▶ Exercise goal:
All lines from the one containing "2月20日上午,我校开展20" through the last line of the listing below are to be copied exactly. Exclude the pictures.

▶ Data for analysis:
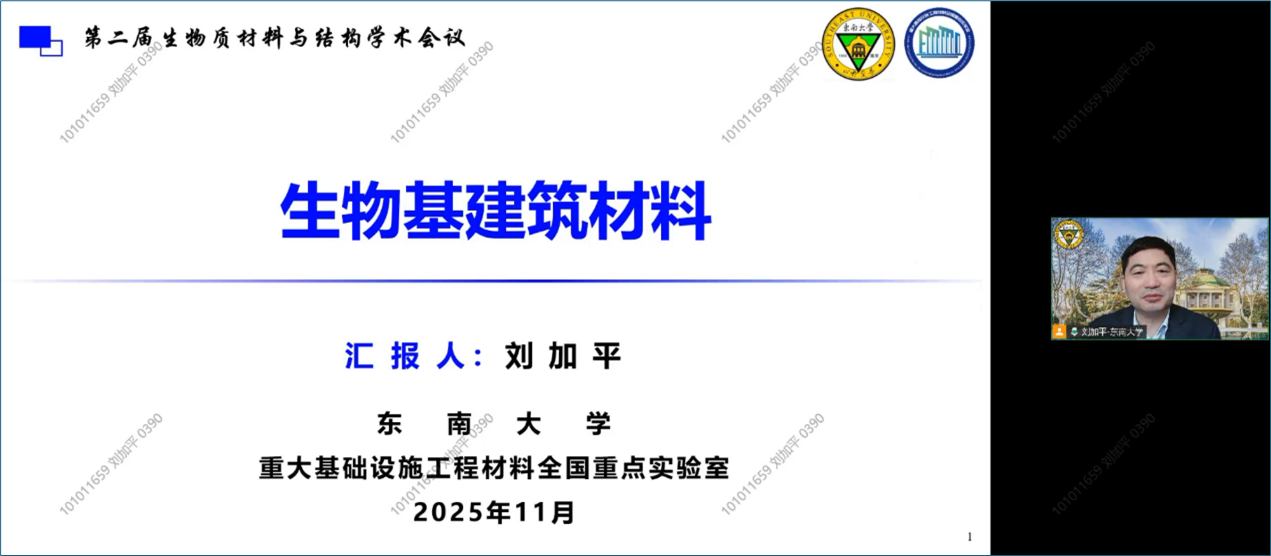 会议通过主旨报告、特邀报告、大会报告等形式,深入探讨了生物质材料与结构的基本理论、加工制备和工程实践等热点问题。东南大学刘加平教授作了题为“生物建材研究与应用”的主旨报告,系统阐述了生物基建筑材料作为可持续发展有效途径的技术优势,并从减水剂、水化热调控材料、建筑涂料等多个具体方向,展望了其智能化发展前景。来自全国各地专家学者呈现了生物质材料与结构领域的二十余场精彩报告,其中包括1个主旨报告和4个特邀报告,共计200余人参加了本次会议。
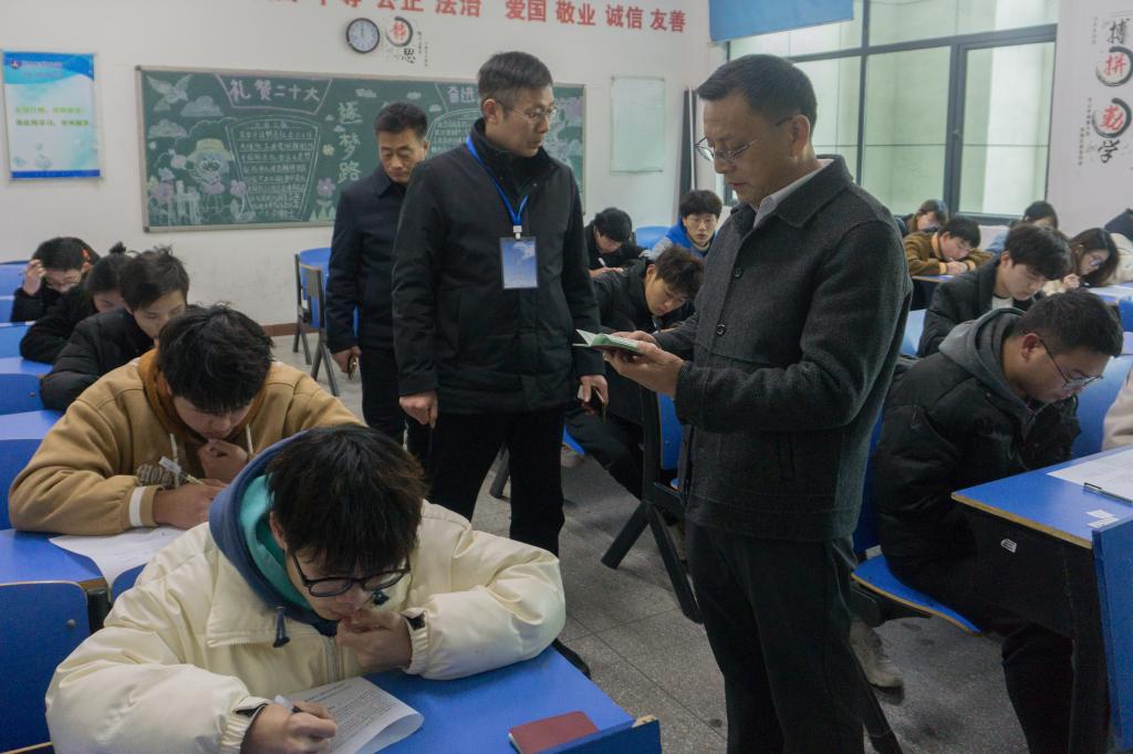 2月20日上午,我校开展2022-2023学年第一学期期末考试工作。校长程传红、副校长包科杰及相关处室负责人深入各考试现场巡视巡查,详细了解各二级学院考试安排,认真查看考试现场。
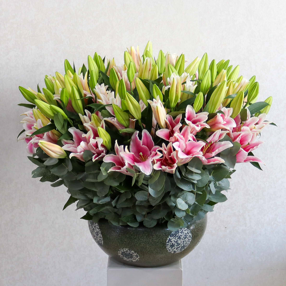 فازة عالية تحتوي على نباتات الأوركيد ذات الشفاه الحمراء ونبات الفستق.
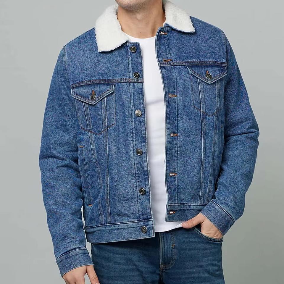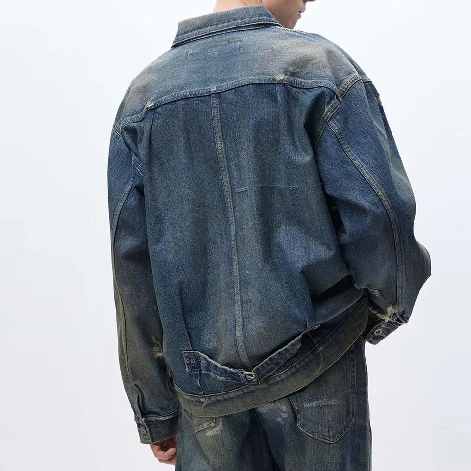 แจ็คเก็ตเดนิมผ้าฝ้ายคุณภาพสูง 100% สำหรับผู้ชาย ระบายอากาศได้ดี สีพื้น สไตล์วินเทจ กันลม เป็นมิตรกับสิ่งแวดล้อม แบบสองด้าน ปักลาย สำหรับฤดูหนาว
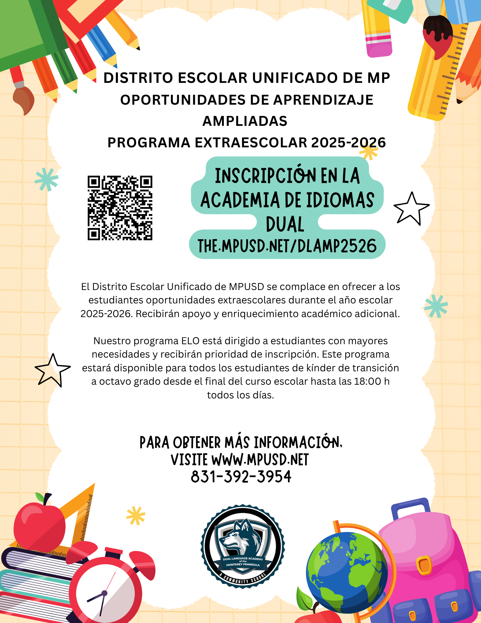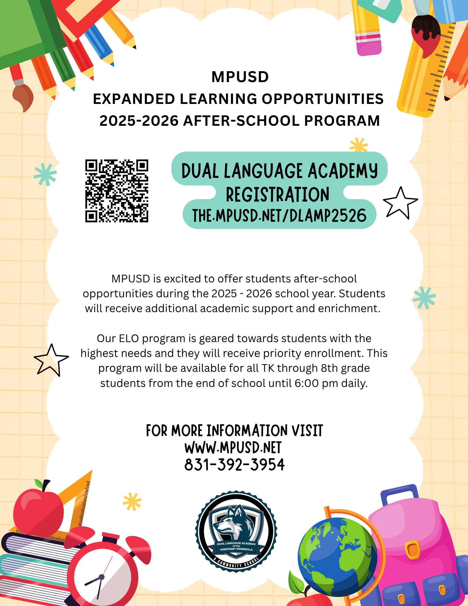 Monterey Peninsula USD is excited to offer full Expanded Learning Opportunities (ELO) afterschool programs at all TK-8 schools. Please see the links embedded in this message for access to the Registration application. Each link is unique to the school your child currently attends.

▶ Output of the task:
 2月20日上午,我校开展2022-2023学年第一学期期末考试工作。校长程传红、副校长包科杰及相关处室负责人深入各考试现场巡视巡查,详细了解各二级学院考试安排,认真查看考试现场。
 فازة عالية تحتوي على نباتات الأوركيد ذات الشفاه الحمراء ونبات الفستق.
 แจ็คเก็ตเดนิมผ้าฝ้ายคุณภาพสูง 100% สำหรับผู้ชาย ระบายอากาศได้ดี สีพื้น สไตล์วินเทจ กันลม เป็นมิตรกับสิ่งแวดล้อม แบบสองด้าน ปักลาย สำหรับฤดูหนาว
 Monterey Peninsula USD is excited to offer full Expanded Learning Opportunities (ELO) afterschool programs at all TK-8 schools. Please see the links embedded in this message for access to the Registration application. Each link is unique to the school your child currently attends.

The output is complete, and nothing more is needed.